Benign Variants That Mimic Abnormalities
Not every unusual EEG pattern means something is wrong. At least 10 recognized benign variants can look like pathological findings to an untrained eye. Wicket spikes, which appear over the temporal lobes, can resemble epileptic sharp waves. The 14-and-6 Hz positive spikes pattern occurs in 20 to 60% of the normal population, predominantly in adolescents during drowsiness and light sleep. Six-Hz spike-and-wave discharges show up in young adults during relaxation or drowsiness and can be mistaken for seizure-related activity.
Other benign patterns include benign sporadic sleep spikes (more common in adults), rhythmic temporal theta bursts during drowsiness, and subclinical rhythmic discharges that primarily affect older adults. Recognizing these variants is critical because misidentifying them as epileptic activity can lead to unnecessary medication or driving restrictions. An EEG interpreted by a neurologist with training in electroencephalography is far less likely to result in these errors than one read by a generalist.
Infections and Inflammation
Brain infections produce EEG abnormalities that vary with the type and location of the infection. Viral encephalitis, particularly herpes simplex encephalitis, causes focal slowing and sometimes periodic discharges over the affected temporal lobe. Bacterial infections that form an abscess produce focal slowing similar to what a tumor would cause. Septic encephalopathy, where a systemic infection impairs brain function without directly infecting the brain, produces diffuse slowing or triphasic waves.

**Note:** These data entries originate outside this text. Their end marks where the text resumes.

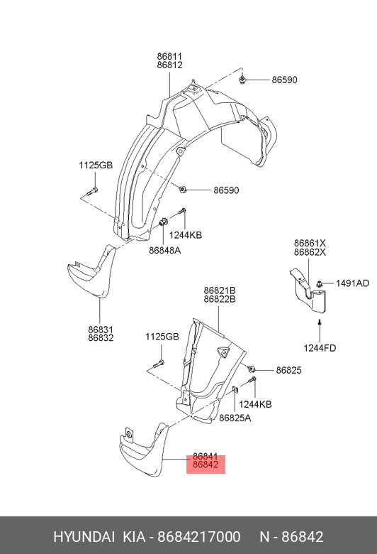 8684217000 HYUNDAI KIA Брызговик правый 86842-17000
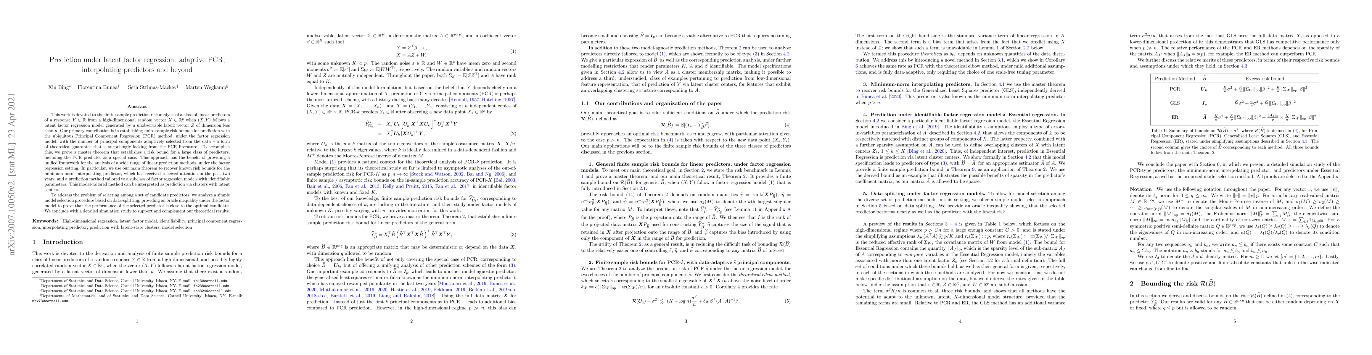 This work is devoted to the finite sample prediction risk analysis of a class of linear predictors of a response $Y\in \mathbb{R}$ from a high-dimensional random vector $X\in \mathbb{R}^p$ when $(X,Y)$ follows a latent factor regression model generated by a unobservable latent vector $Z$ of dimension less than $p$. Our primary contribution is in establishing finite sample risk bounds for prediction with the ubiquitous Principal Component Regression (PCR) method, under the factor regression model, with the number of principal components adaptively selected from the data -- a form of theoretical guarantee that is surprisingly lacking from the PCR literature. To accomplish this, we prove a master theorem that establishes a risk bound for a large class of predictors, including the PCR predictor as a special case. This approach has the benefit of providing a unified framework for the analysis of a wide range of linear prediction methods, under the factor regression setting. In particular, we use our main theorem to recover known risk bounds for the minimum-norm interpolating predictor, which has received renewed attention in the past two years, and a prediction method tailored to a subclass of factor regression models with identifiable parameters. This model-tailored method can be interpreted as prediction via clusters with latent centers. To address the problem of selecting among a set of candidate predictors, we analyze a simple model selection procedure based on data-splitting, providing an oracle inequality under the factor model to prove that the performance of the selected predictor is close to the optimal candidate. We conclude with a detailed simulation study to support and complement our theoretical results.
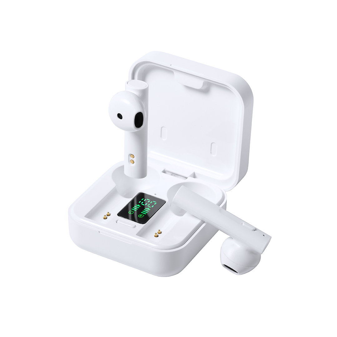 Earphones in stylish white finish with Bluetooth® 5.0 connection. Solar charging panel integrated in the lid and inside LCD display with charging status indicator. Ergonomically designed, with integrated control button on the earpiece and matching base. Hands-free function and rechargeable with solar power or via micro USB cable -included-. Presented in a premium, hinged-opening individual case and inside an attractive design box, with user manual in English and Spanish.
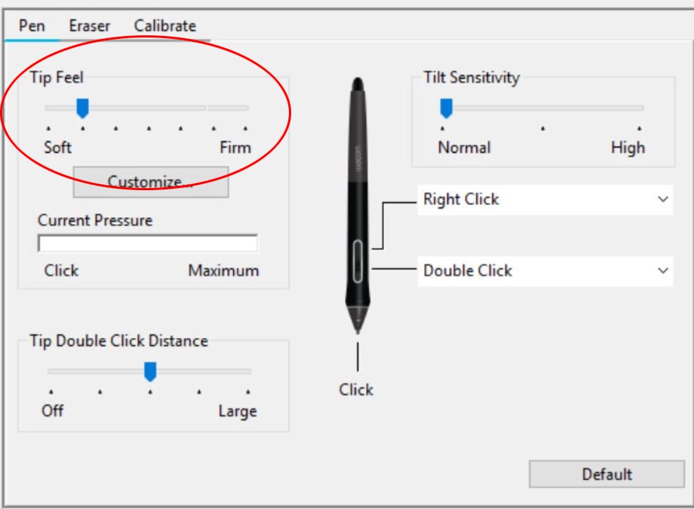 In the Wacom pen settings I have the "Tip Feel" option set to the second most sensitive setting. (see last image in gallery)

Autoimmune encephalitis, where the immune system attacks the brain, can produce a range of EEG changes including diffuse slowing, seizure activity, and a unique pattern called extreme delta brush that is particularly associated with anti-NMDA receptor encephalitis. These findings often appear before brain imaging shows anything abnormal, making the EEG an important early diagnostic tool in these conditions.